Why Liberalism Failed by Patrick J. Deneen

Author:Patrick J. Deneen
Language: eng
Format: epub, pdf
ISBN: 9780300231878
Publisher: Yale University Press


CHAPTER FIVE

Liberalism against Liberal Arts

BEFORE the advent of liberalism, culture was the most pervasive human technology and the fundamental locus of education. It was the comprehensive shaping force of the person who took part in, and would in turn pass on, the deepest commitments of a civilization. As the word itself intimates, a culture cultivates; it is the soil in which the human person grows and—if it is a good culture—flourishes.

But if liberalism ultimately replaces all forms of culture with a pervasive anticulture, then it must undermine education as well. In particular, it must undermine liberal education, the education that was understood as the main means of educating free persons by means of deep engagement with the fruits of long cultural inheritance, particularly the great texts of antiquity and the long Christian tradition. To the extent that a fully realized liberalism undermines culture and cultivation into liberty as a form of self-governance, an education for a free people is displaced by an education that makes liberal individuals servants to the end of untutored appetite, restlessness, and technical mastery of the natural world. Liberal education is replaced with servile education.

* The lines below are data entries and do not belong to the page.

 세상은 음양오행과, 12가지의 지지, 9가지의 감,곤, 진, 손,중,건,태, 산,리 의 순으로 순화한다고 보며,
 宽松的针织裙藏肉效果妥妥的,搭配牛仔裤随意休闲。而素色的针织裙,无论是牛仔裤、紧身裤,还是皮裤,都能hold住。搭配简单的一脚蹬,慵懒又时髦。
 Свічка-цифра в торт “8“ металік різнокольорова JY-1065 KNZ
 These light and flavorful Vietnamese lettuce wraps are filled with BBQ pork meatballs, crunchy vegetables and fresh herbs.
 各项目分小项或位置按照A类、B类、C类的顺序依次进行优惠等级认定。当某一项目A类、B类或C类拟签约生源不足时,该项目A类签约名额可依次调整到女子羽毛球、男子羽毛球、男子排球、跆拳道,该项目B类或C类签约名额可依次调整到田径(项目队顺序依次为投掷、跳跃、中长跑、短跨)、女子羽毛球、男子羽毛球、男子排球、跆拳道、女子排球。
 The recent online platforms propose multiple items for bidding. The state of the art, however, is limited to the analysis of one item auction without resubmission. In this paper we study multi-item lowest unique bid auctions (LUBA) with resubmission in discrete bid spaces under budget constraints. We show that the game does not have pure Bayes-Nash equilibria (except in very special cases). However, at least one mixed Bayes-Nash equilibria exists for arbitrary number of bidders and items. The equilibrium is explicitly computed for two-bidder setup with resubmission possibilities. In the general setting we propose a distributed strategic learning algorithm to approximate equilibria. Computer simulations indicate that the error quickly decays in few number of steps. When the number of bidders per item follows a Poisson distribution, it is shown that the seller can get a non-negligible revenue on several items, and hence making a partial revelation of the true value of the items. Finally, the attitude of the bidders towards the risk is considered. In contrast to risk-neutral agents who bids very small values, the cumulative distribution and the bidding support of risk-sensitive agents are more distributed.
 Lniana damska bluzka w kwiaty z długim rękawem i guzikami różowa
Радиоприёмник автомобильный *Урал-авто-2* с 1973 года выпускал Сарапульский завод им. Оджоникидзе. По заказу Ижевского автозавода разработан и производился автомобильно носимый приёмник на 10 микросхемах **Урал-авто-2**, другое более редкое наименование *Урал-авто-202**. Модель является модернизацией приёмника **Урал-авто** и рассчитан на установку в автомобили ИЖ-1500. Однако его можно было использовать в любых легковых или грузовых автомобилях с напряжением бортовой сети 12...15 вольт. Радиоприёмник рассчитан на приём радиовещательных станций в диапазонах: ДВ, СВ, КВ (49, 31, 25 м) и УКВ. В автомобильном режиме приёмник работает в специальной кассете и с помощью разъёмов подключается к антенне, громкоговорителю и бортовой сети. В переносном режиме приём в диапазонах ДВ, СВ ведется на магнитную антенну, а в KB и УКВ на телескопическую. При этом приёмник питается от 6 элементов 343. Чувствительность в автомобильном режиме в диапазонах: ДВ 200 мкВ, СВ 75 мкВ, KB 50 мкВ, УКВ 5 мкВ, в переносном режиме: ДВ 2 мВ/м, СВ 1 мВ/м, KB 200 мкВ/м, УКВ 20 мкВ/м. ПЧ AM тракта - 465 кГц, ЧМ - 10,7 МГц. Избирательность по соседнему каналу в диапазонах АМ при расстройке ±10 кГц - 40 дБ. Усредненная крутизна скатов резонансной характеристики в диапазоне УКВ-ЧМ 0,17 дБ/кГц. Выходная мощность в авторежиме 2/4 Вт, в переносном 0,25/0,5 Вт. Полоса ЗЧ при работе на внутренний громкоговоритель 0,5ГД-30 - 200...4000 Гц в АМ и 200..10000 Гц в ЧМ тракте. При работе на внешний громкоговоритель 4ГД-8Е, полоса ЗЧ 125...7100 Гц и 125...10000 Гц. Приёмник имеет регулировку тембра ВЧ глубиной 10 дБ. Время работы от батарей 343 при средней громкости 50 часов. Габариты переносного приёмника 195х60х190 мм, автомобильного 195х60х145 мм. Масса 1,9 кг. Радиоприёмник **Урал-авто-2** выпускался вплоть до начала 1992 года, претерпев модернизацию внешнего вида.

Liberalism undermines liberal education in the first instance by detaching the educational enterprise itself from culture and making it an engine of anticulture. Education must be insulated from the shaping force of culture as the exercise of living within nature and a tradition, instead stripped bare of any cultural specificity in the name of a cultureless multiculturalism, an environmentalism barren of a formative encounter with nature, and a monolithic and homogenous “diversity.” Its claims to further multiculturalism only distract from its pervasive anticultural and homogenizing impetus.

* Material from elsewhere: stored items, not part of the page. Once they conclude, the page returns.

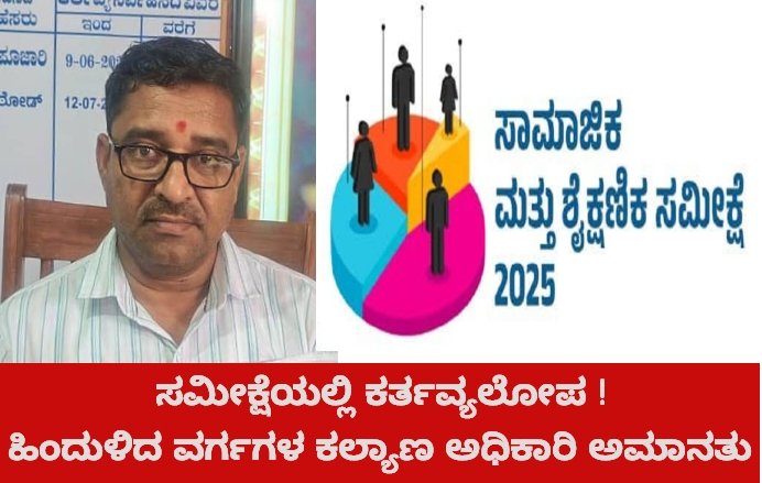 ಸಮೀಕ್ಷೆ ಕಾರ್ಯದಲ್ಲಿ ಕರ್ತವ್ಯ ಲೋಪ ! ಹಿಂದುಳಿದ ವರ್ಗಗಳ ಕಲ್ಯಾಣಾಧಿಕಾರಿ ಅಮಾನತ್
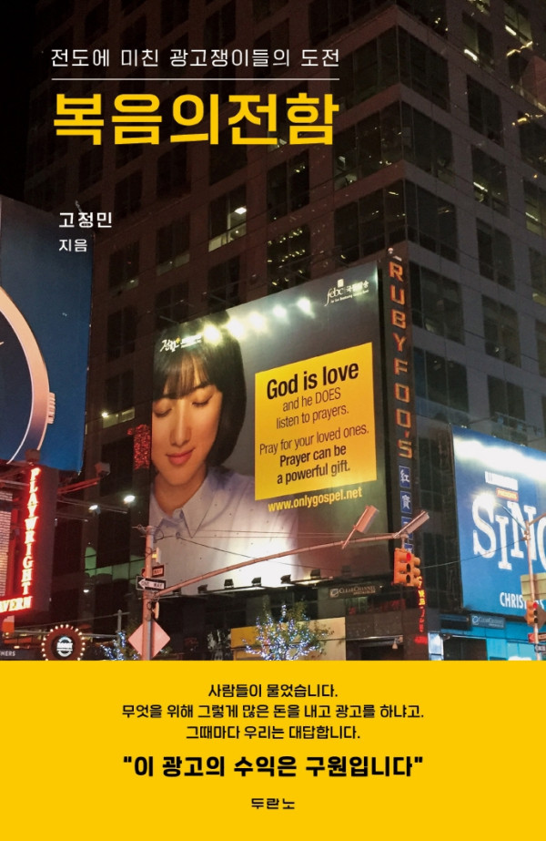 상업 광고를 전문으로 하던 저자는 하나님의 전적인 개입하심으로 운영하던 광고 회사를 과감히 내려놓고 복음만을 전하는 복음의전함을 시작하게 되었다. 2014년 창립 후부터, 하나님의 계획은 수많은 달란트를 통하여 재능으로 기부되고, 지역과 인종과 언어를 넘어 네크워크로 연결되어 땅끝마을에서 뉴욕 타임스퀘어까지 복음광고는 선포될 수 있었다. 재정이 없어서, 사람이 없어서, 협력 기관이 없어서도 아닌 하나님을 향한 전적인 순종만이 가장 중요했음을 고백할 수밖에 없다.
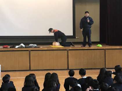高学年は、旭消防署の方から、「救急救命」について教えていただきました。
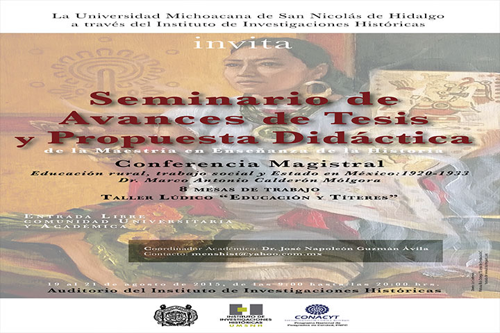 La Universidad Michoacana de San Nicolás de Hidalgo, a través del Instituto de Investigaciones Históricas (IIH), invita a la comunidad universitaria y académica, al Seminario de Avances de Tesis y Propuestas Didácticas de la MaestrÃa en Enseñanza de la Historia.
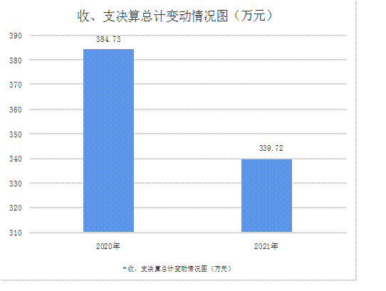 2021年度收、支总计339.72万元。与2020年相比,收、支总计各减少45万元,下降11.7%。主要变动原因是厉行节约,严格控制预算。
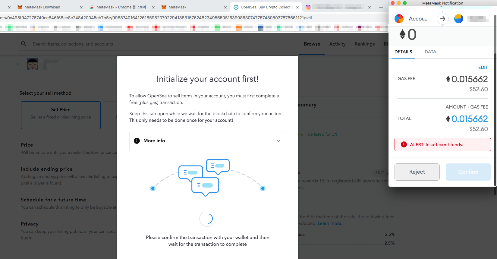 왜냐하면 가입비 같은 것을 내야 합니다. 보시면 아시겠지만 이더리움 0.015662개가 필요합니다.
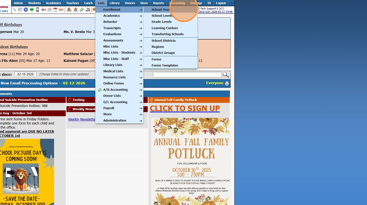 Session Close Tasks - Admin: Copy School Calendar
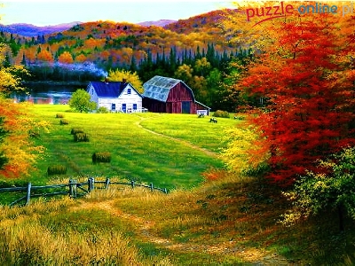 Puzzle Dom, Pole, Łąka, Jesień
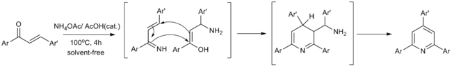 The Kröhnke method is featured in a solvent-free synthesis of triarylpyridines that proceeds via a homo-coupling of two diaryl substituted α, β-unsaturated carbonyl compounds.[12] This strategy offers a facile means for preparation of pyridnyl aryl systems that are important fragments of many useful drug scaffolds.
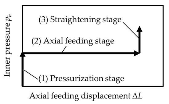 Warm THF was conducted on the small-diameter ZM21 tube with a 2.0 mm outer diameter and 0.2 mm wall thickness under an elevated temperature condition (250 °C). Silicone oil was used as the hydraulic pressure medium, and molybdenum disulfide (MoS2) paste was employed to provide lubrication between the tube and the die. Figure 8 shows the loading path of the internal pressure ph and the axial feeding displacement ΔL adopted in the experiment. In the loading path, Stage (1) is the hydraulic pressure stage. The internal oil pressure is loaded on the predetermined internal pressure ph. The pressure is maintained after the pressure medium is filled, and the air in the tube is vented. The value of ph was defined based on α. It is defined by a percentage of the loaded internal pressure ph to the bursting pressure pb. After that, in Stage (2), axial feeding is carried out to deform the tube, which produces the axial feeding displacement ΔL = a maximum of 1.5 mm, while maintaining the internal pressure ph. In Stage (2), the axial feeding is applied at a speed of 0.025 mm/s.

Liberalism further undermines education by replacing a definition of liberty as an education in self-government with liberty as autonomy and the absence of constraint. Ultimately it destroys liberal education, since it begins with the assumption that we are born free, rather than that we must learn to become free. Under liberalism, the liberal arts are instruments of personal liberation, an end that is consistently pursued in the humanities, in the scientific and mathematical disciplines (STEM), and in economics and business. In the humanities, liberatory movements based on claims of identity regard the past as a repository of oppression, and hence displace the legitimacy of the humanities as a source of education. Meanwhile, the subjects that advance the practical and effectual experience of autonomy—STEM, economics, and business—come to be regarded as the sole subjects of justified study. The classical understanding of liberal arts as aimed at educating the free human being is displaced by emphasis upon the arts of the private person. An education fitting for a res publica is replaced with an education suited for a res idiotica—in the Greek, a “private” and isolated person. The purported difference between left and right disappears as both concur that the sole legitimate end of education is the advance of power through the displacement of the liberal arts.